Data excerpt ->
= Beginning of Section =
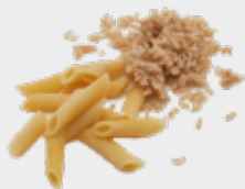
Orez și paste
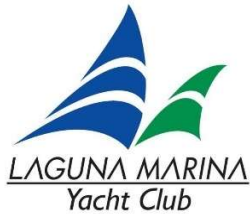
本部艇 ラグナマリーナヨットクラブ旗
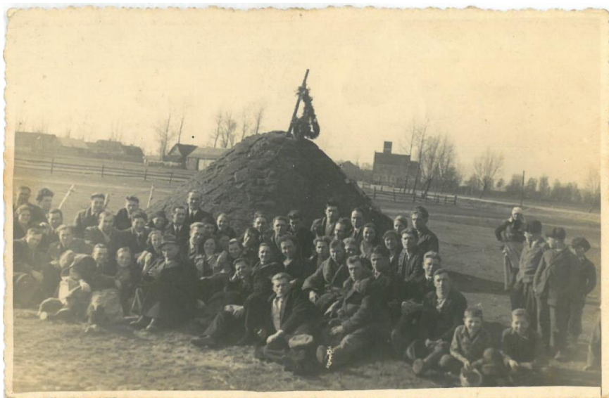
Fotografia z marca 1938r

Za udział w strajku i wiecu działacze zostali skazani na kary więzienia od 10-ciu miesięcy do nawet 4 lat.
= End of Section =
What you should do ->
Set down the material above exactly as written, but not the pictures.

Solution for this problem ->
Orez și paste
本部艇 ラグナマリーナヨットクラブ旗
Fotografia z marca 1938r

Za udział w strajku i wiecu działacze zostali skazani na kary więzienia od 10-ciu miesięcy do nawet 4 lat.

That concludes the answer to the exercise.